Failing to reject the null hypothesis does not mean there is enough evidence to confirm it, it simply leaves that possibility open. Additionally, failing to reject the null hypothesis does not automatically mean that we reject the alternative hypothesis.
2
According to Chemical Engineering, an important property of fiber is its water absorbency. The average percent absorbency of 27 randomly selected pieces of cotton fiber was found to be 21.2 with a standard deviation of 1.5. A random sample of 23 pieces of acetate yielded an average percent of 12 with a standard deviation of 1.25. Use a Confidence Interval to determine whether there is strong evidence that the population mean percent absorbency is significantly higher for cotton fiber than for acetate? Assume that the percent absorbency is approximately normally distributed and that the population variances in percent absorbency for the two fibers are the same. Let \alpha = 0.01
| Sample 1 | Sample 2 | |
|---|---|---|
n |
27 | 23 |
\bar{x} |
21.2 | 12 |
s |
1.5 | 1.25 |
99% confidence interval for sample 1:
>>> from scipy.stats import norm
>>> a = 0.01
>>> z_a2 = norm.ppf(1 - (a/2))
>>> x_bar = 21.2
>>> s = 1.5
>>> n = 27
>>> ci = [x_bar - z_a2*s/n**0.5, x_bar + z_a2*s/n**0.5]
>>> ci
[20.45642212910476, 21.94357787089524]
99% confidence interval for sample 2:
>>> from scipy.stats import norm
>>> a = 0.01
>>> z_a2 = norm.ppf(1 - (a/2))
>>> x_bar = 12
>>> s = 1.25
>>> n = 23
>>> ci = [x_bar - z_a2*s/n**0.5, x_bar + z_a2*s/n**0.5]
>>> ci
[11.328628077574322, 12.671371922425678]
Since there is no overlap between the confidence intervals, there is significantly different absorbency between cotton fiber and acetate.
3
A study of asthmatics measured the peak expiratory flow rate (basically, a person’s maximum ability to exhale) before and after a walk on a cold winter’s day for a random sample of nine asthmatics.
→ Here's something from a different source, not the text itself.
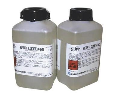 Loddevand BERA, koncentrerert anvendes til f.eks. Lodning af tagrender og tagplader i både kobber og zink.
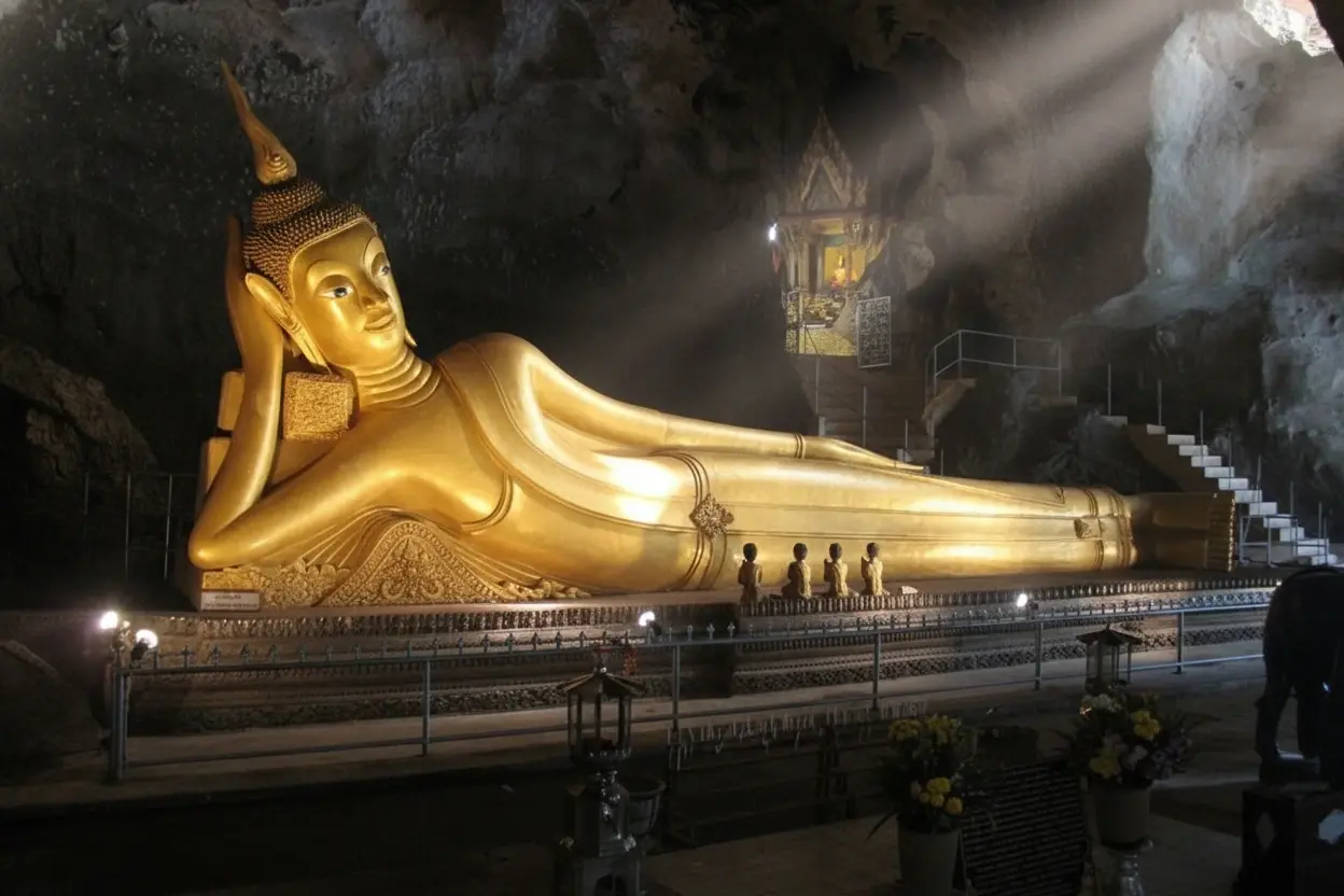• Reclining Buddha 🙏: a 15-meter 📏 golden statue 💛 lying peacefully 😌 inside the main cave 🦇✨

| Subject | Before | After | Difference |
|---|---|---|---|
| 1 | 312 | 300 | 12 |
| 2 | 242 | 201 | 41 |
| 3 | 340 | 232 | 108 |
| 4 | 388 | 312 | 76 |
| 5 | 296 | 220 | 76 |
| 6 | 254 | 256 | -2 |
| 7 | 31 | 328 | 63 |
| 8 | 402 | 330 | 72 |
| 9 | 290 | 231 | 59 |
\bar{x} |
323.89 | 267.78 | 56.11 |
s |
59.83 | 50.01 | 34.17 |
a)
Using a two-sample t-test: Do the data suggest that there is a difference between the peak
expiratory flow rate before vs after a walk on a cold winter’s day for asthamtics? Use \alpha = 0.01
>>> import scipy.stats as st
>>> def p_value(tstat, n1, n2):
... df = n1 + n2 - 2
... tstat = abs(tstat)
... return 1 - st.t.cdf(tstat, df)
>>> def tstar(x1, x2, sp, n1, n2):
... return (x1 - x2) / (sp * (1/n1 + 1/n2)**0.5)
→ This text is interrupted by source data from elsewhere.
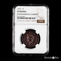 U.S. Coins. Braided Hair Cents. 1 cent. 1837. Philadelphia. (Km-45.2). Ae. Slabbed by NGC as VF Details. Environmental damage. NGC-VF. Est...70,00.
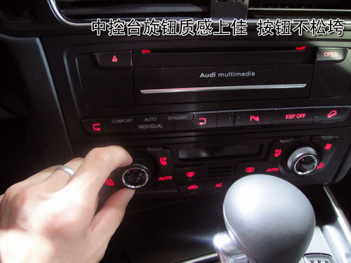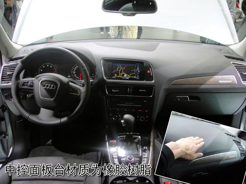 奧迪Q5儀表臺的整體感覺與奧迪家族的其它車型高度統(tǒng)一,略向駕駛員一側(cè)偏轉(zhuǎn)的儀表臺照顧到了駕駛員在駕車當中的操作便捷性。與奧迪家族跑車相同的儀表盤布局增添了奧迪Q5的運動氣息。中控臺大量使用橡膠樹脂材質(zhì),手感較硬。
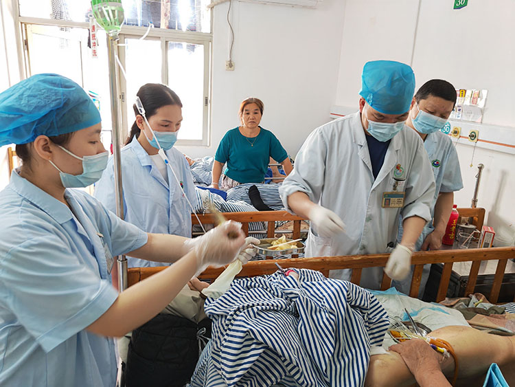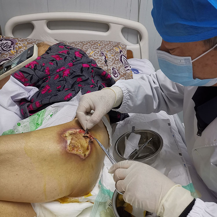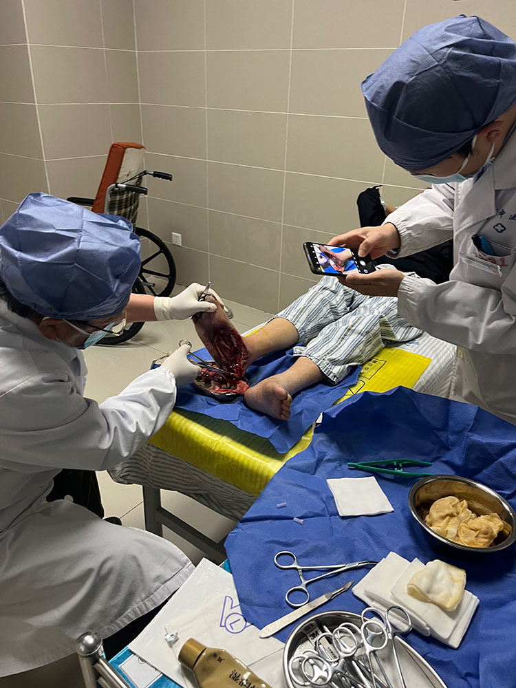 2023年4月24日,應溧水區(qū)中醫(yī)院急會診之邀,再生醫(yī)學知名專家、《中國燒傷創(chuàng)瘍雜志》常務編委趙瑞慶主任,前往該院會診了一例五級糖尿病患者,即刻行足底切開引流術(shù)。事后又在科室進行了再生醫(yī)療技術(shù)治療糖尿病足潰瘍技術(shù)培訓,特別強調(diào)了治療過程中的注意要點事項,大家一致表示備受啟發(fā),受益匪淺。
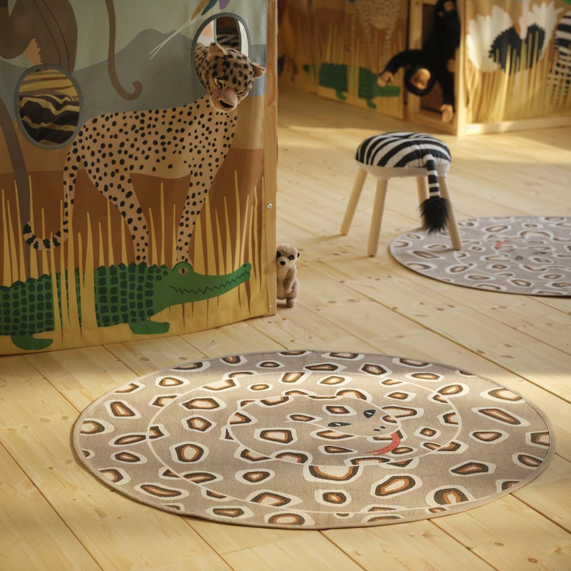 彷彿一圈圈的大蟒蛇盤繞的SANDLÖPARE 平織地毯,100%純棉材質親膚舒適,背面則有防滑塗層,踩上去就像走進探險基地。
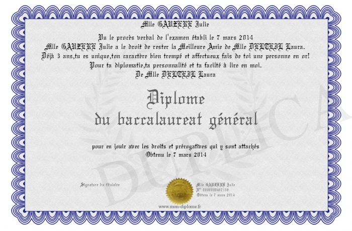 Envoyez par email votre Diplôme du baccalaureat général personalisé

>>> def sp(x1, x2, s1, s2, n1, n2):
... return (((n1-1)*(s1**2) + (n2-1)*(s2**2)) / (n1 + n2 - 2))**0.5
>>> x1 = 323.89
>>> x2 = 267.78
>>> s1 = 59.83
>>> s2 = 50.01
>>> n1 = 9
>>> n2 = 9
>>> s_p = sp(x1, x2, s1, s2, n1, n2)
>>> t_star = tstar(x1, x2, s_p, n1, n2)
>>> p_value(t_star, n1, n2)
0.02320508093086404
Since the p-value is greater than \alpha, we do not have enough evidence to reject the notion that going on a walk on a cold winter's day has no effect on the expiratory rate for asthmatics.
b)
Using a paired t-test: Does the data suggest that there is a difference between the peak expiratory flow rate before vs after a walk on a cold winter’s data for asthmatics? Use \alpha = 0.01
Using a paired t-test, the degrees of freedom in the p_value(tstat, n1, n2) function must be adjusted.
>>> def p_value(tstat, n1, n2):
... df = (n1 + n2)/2 - 2
... return 1 - st.t.cdf(tstat, df)
>>> p_value(t_star, n1, n2)
0.03387016598071013
Using a paired t-test, the p-value increases, but our conclusion does not change.
c)
Are the conclusions for the two-sample t-test and the paired t-test consistent? If not, what could be the reason?
While the conclusions are the same, it seems possible for the conclusions to be different in some scenarios. The paired t-test takes into account the persistent sample population, which changes the degrees of freedom for the p-value.